The discussion around open access to published scientific results, the Open Access movement, is well known. The primary cause of the current situation — journal publishers owning copyright on journal articles and therefore charging for access — stems from authors signing their copyright over to the journals. I believe this happened because authors really didn’t realize what they were doing when they signed away ownership over their work, and had they known they would not have done so. I believe another solution would have been used, such as granting the journal a license to publish i.e. like Science’s readily available alternative license. At some level authors were entering into binding legal contracts without an understanding of the implications and without the right counsel.

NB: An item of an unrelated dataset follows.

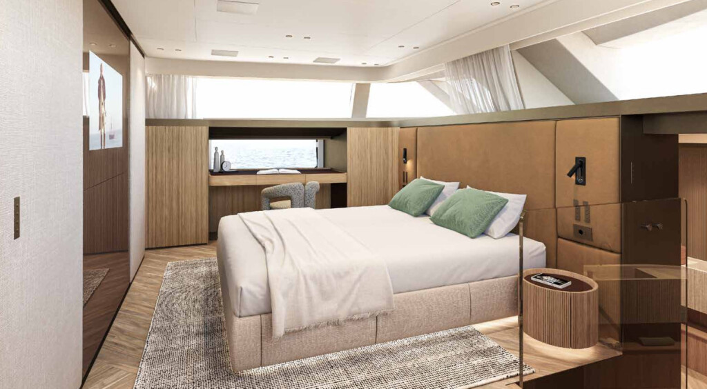Forward, the full beam owner’s cabin offers notably generous proportions with an architectural character all its own. Here, palettes, materials, and textures can be curated to evoke any mood: serene coastal retreat, ultra-modern suite, or warm residential sanctuary. The space can be personalised not only aesthetically but conceptually, reflecting how you want to wake, relax, or retreat while at sea.

I am seeing a similar situation arising with respect to data. It is not atypical for a data producing entity, particularly those in the commercial sphere, to require that researchers with access to the data sign a non-disclosure agreement. This seems to be standard for Facebook data, Elsevier data, and many many others. I’m witnessing researchers grabbing their pens and signing, and like in the publication context, feeling themselves powerless to do otherwise. Again, they are without the appropriate counsel. Even the general counsel’s office at their institution typically sees the GC’s role as protecting the institution against liability, rather than the larger concern of protecting the scholar’s work and the integrity of the scholarly record. What happens when research from these protected datasets is published, and questioned? How can others independently verify the findings? They’ll need access to the data.
There are many legitimate reasons such data may not be able to be publicly released, for example protection of subjects’ privacy (see what happened when Harvard released Facebook data from a study). But as scientists we should be mindful of the need for our published findings to be reproducible. Some commercial data do not come with privacy concerns, only concerns from the company that they are still able to sell the data to other commercial entities, and sometimes not even that. Sometimes lawyers simply want an NDA to minimize any risk to the commercial entity that might arise should the data be released. To me, that seems perfectly rational since they are not stewards of scientific knowledge.
It is also perfectly rational for authors publishing findings based on these data to push back as hard as possible to ensure maximum reproducibility and credibility of their results. Many companies share data with scientists because they seek to deepen goodwill and ties with the academic community, or they are interested in the results of the research. As researchers we should condition our acceptance of the data on its release when the findings are published, if there are no privacy concerns associated with the data. If there are privacy concerns I can imagine ensuring we can share the data in a “walled garden” within which other researchers, but not the public, will be able to access the data and verify results. There are a number of solutions that can bridge the gap between open access to data and an access-blocking NDA (e.g. differential privacy) and as scientists the integrity and reproducibility of our work is a core concern that we have responsibility for in this negotiation for data.
A few template data sharing agreements between academic researchers and data producing companies would be very helpful, if anyone feels like taking a crack at drafting them (Creative Commons?). Awareness of the issue is also important, among researchers, publishers, funders, and data producing entities. We cannot unthinkingly default to a legal situation regarding data that is anathema to scientific progress, as we did with access to scholarly publications.